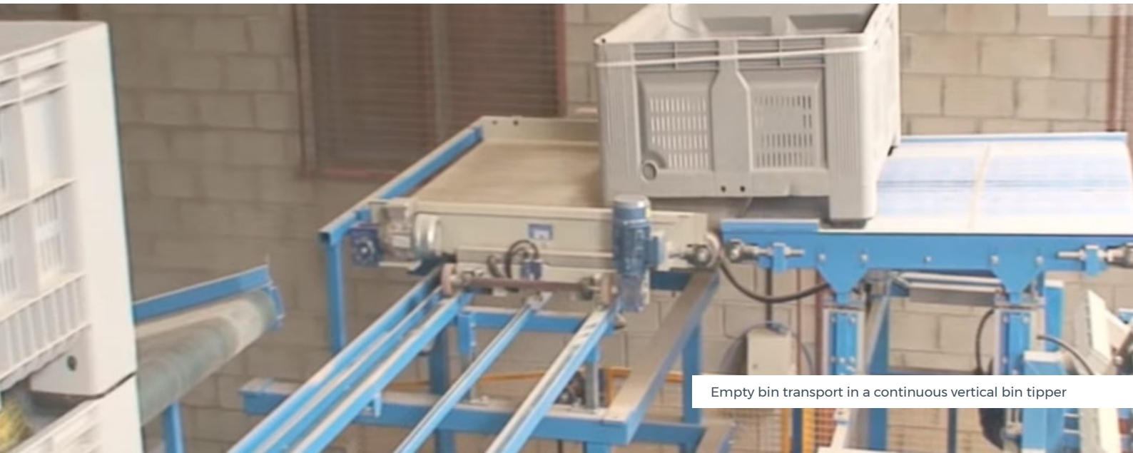
Empty bin transport in a continuous vertical bin tipper
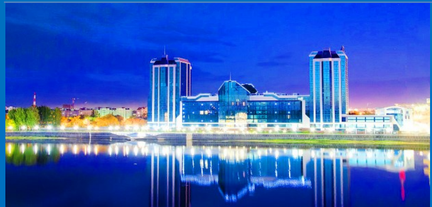
Grand Hotel Astrakhan

A fantastic opportunity to achieve and enlarge your business goals, don't miss out.
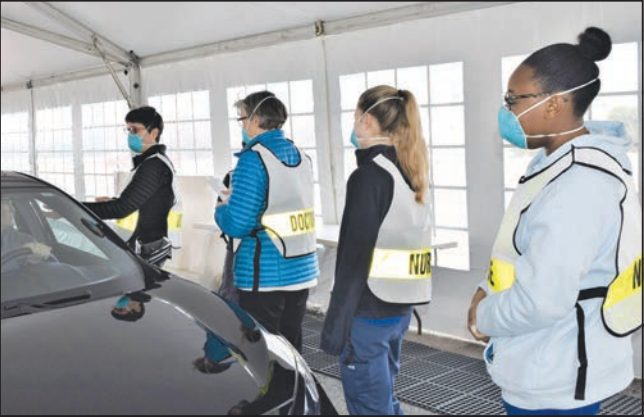
A car pulls up to the drive-thru testing site as EBNHC staff prepares.
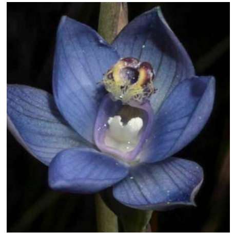
A selection of Thelymitras. Clockwise from left: Thelymitra fuscolutea ; T. cucullata and T. benthamiana ; T. mucida and T. xanthotricha
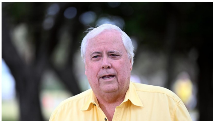
Mr Palmer pursued the WA government and Mr McGowan personally with legal fights throughout the Covid-19 pandemic.

Both men came out as the losers of their bitter defamation trial after they sued each other in the NSW Federal Court, with $5000 in damages awarded to Mr Palmer and $20,000 to the Premier.
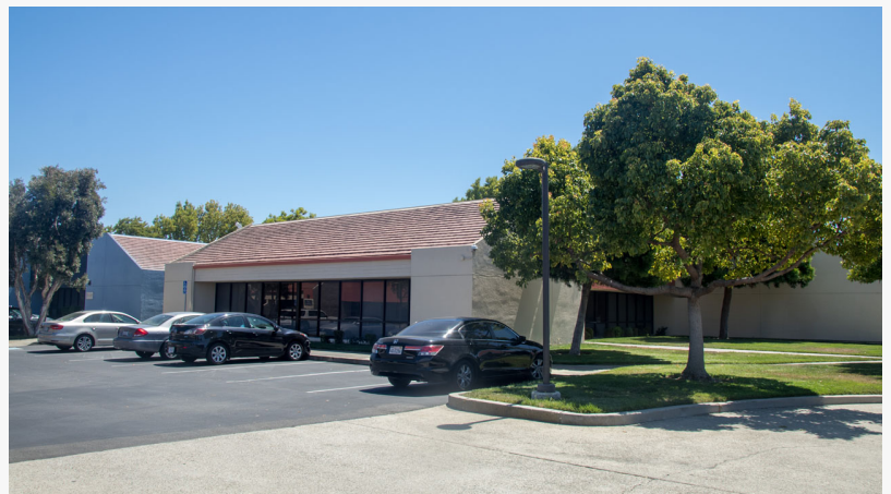
Patent PC Office

## REQUIRED ACTION
Copy exactly, and only, the lines from the first entry through the line holding "A car pulls", both ends included, leaving out every picture.

## RESULT OF THIS EXERCISE
Empty bin transport in a continuous vertical bin tipper
Grand Hotel Astrakhan

A fantastic opportunity to achieve and enlarge your business goals, don't miss out.
A car pulls up to the drive-thru testing site as EBNHC staff prepares.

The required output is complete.